The model performs with an Elo rating of somewhere between 1350 and 1400. 99.1% moves made by the model were legal. This also means that it managed to figure out the rules of chess by itself, since the training data did not even contain any information about which piece was being moved.

It manages to outperform Stockfish 0 (1350 Elo), but it falls behind Stockfish configured at higher levels.

This also means that it performs similarly to the 50M parameter variant of Chess GPT.

Try it out!

You can try it out right in your browser, thanks to Transformers.js!

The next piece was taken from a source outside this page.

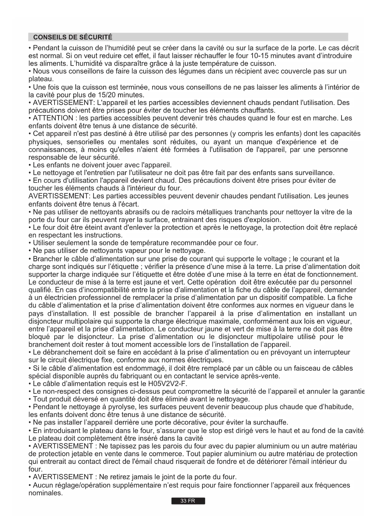 - L’emploi d’un appareil électrique nécessite quelques règles de sécurité. - Ne pas tirer sur le fil électrique pour débrancher la prise. - Ne pas toucher l’appareil avec les pieds ou les mains mouillés. - Evitez d’utiliser l’appareil pieds nus. L’utilisation de multiprises et de rallonges pour raccorder votre appareil est fortement déconseillé. En cas de panne ou de mauvais fonctionnement il faut éteindre le four avant de le démonter. En cas de détérioration du fil électrique, remplacez-le rapidement en suivant les indications suivantes: ôtez le fil d’alimentation électrique et remplacez-le par un (du type H05VV-F) adapté à la puissance de l’appareil.Vous veillerez à ce que cette opération soit effectuée par un centre technique agréé. Pour l’utilisateur c’est la certitude d’obtenir des pièces de rechange d’origine. Le non-respect de ces règles peut compromettre la sécurité de l’appareil.
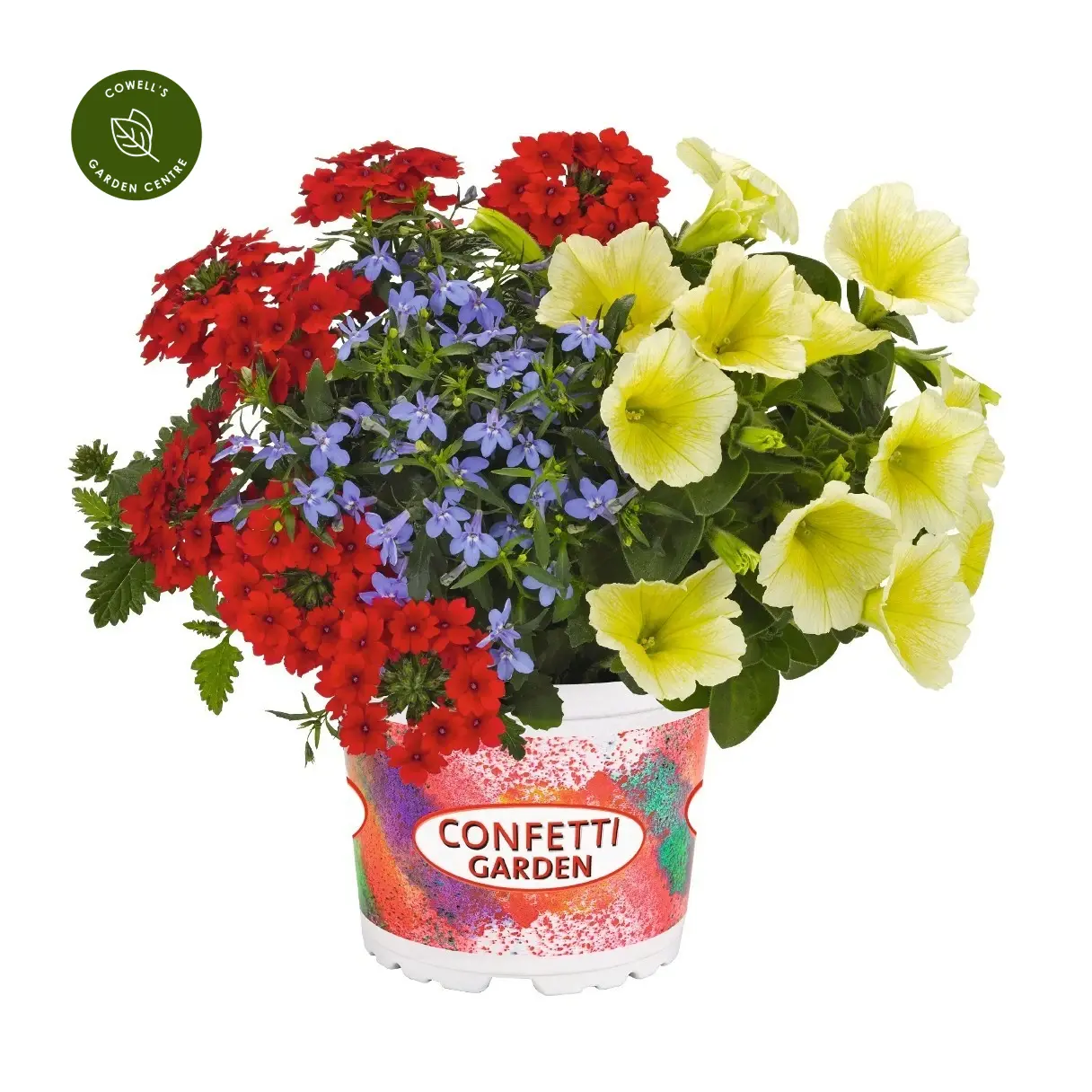 Confetti Garden® Water Colours 2027 is a beautifully balanced mix of soft lemon-yellow, rich red and airy blue tones, creating a relaxed, painterly display reminiscent of a summer garden in full bloom. The blend of trailing and mounding plants delivers both volume and movement, with contrasting textures adding depth and interest.

You can also tweak its skill level thanks to sampling.

The output of Chess Llama (or any decoder-only transformer model) is actually the probability for each token in its vocabulary to be the next token in the game sequence.

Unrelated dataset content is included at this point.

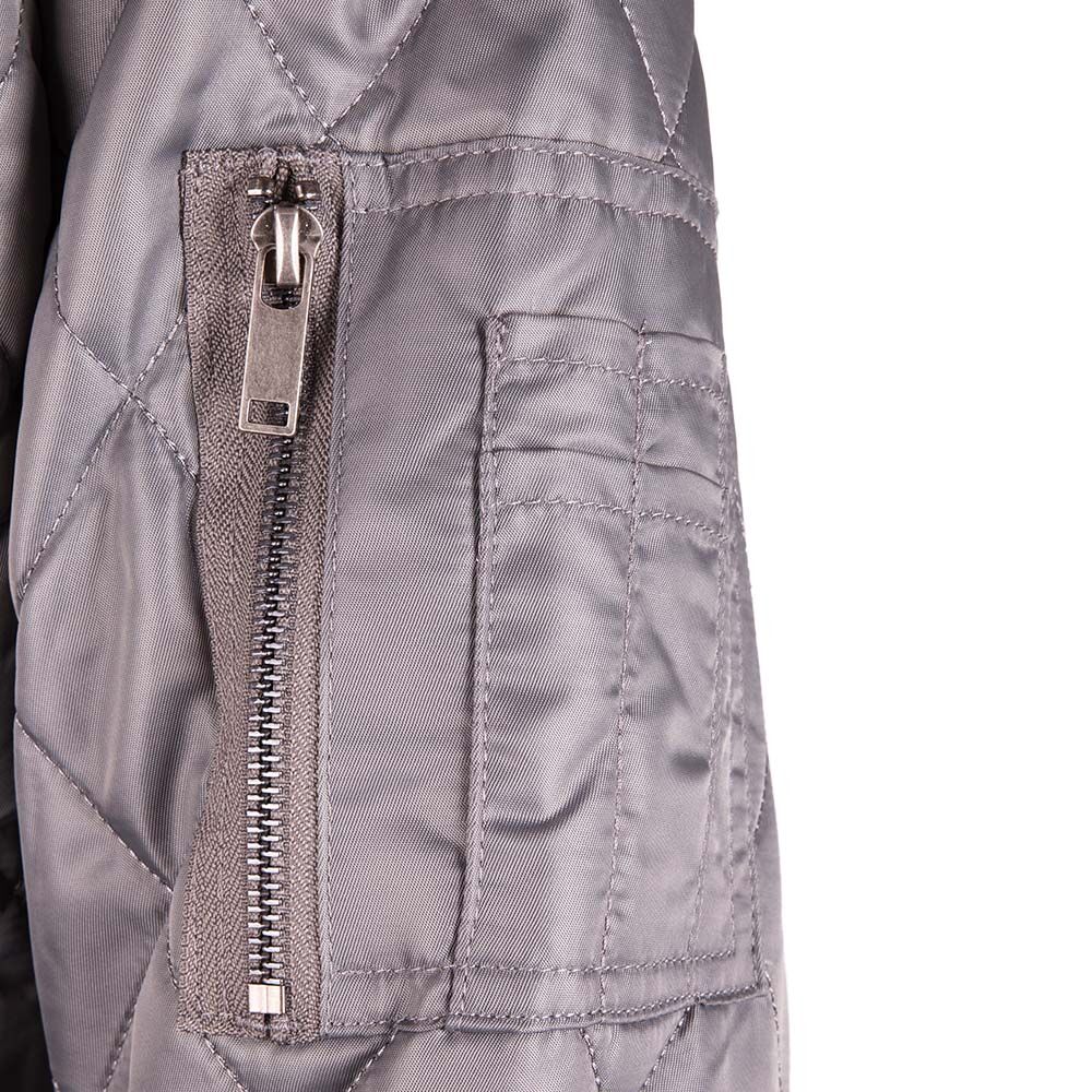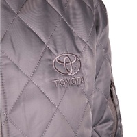 This sleek Toyota Quilted Bomber Jacket, in gunmetal grey, combines style with practicality. It features a warm polyester quilt with a satin lining for added comfort. The jacket includes a functional sleeve pocket with a pen slot and a durable nylon zipper.

By default, Chess Llama plays the most probable move, but there are other ways to pick the next move/token — this process is known as sampling.

The web interface allows you to adjust Chess Llama's sampling configuration, which in turn changes its playing quality. At its default difficulty, the model simply picks the most probable valid move. At the easiest difficulty, it prefers the second most probable valid move.

In the case of LLMs like GPT-4o and Llama 4, proper sampling techniques usually improve the perceived quality and add some randomness to the model's output. But in the case of Chess Llama, it just lobotomizes it.

Future Work

Chess Llama was just a fun side project for me and one of my friends. There is not much left for me to do with it.

I might try deep-diving into how it keeps the track of board state and maybe even try manipulating it, just like the creator of Chess GPT did.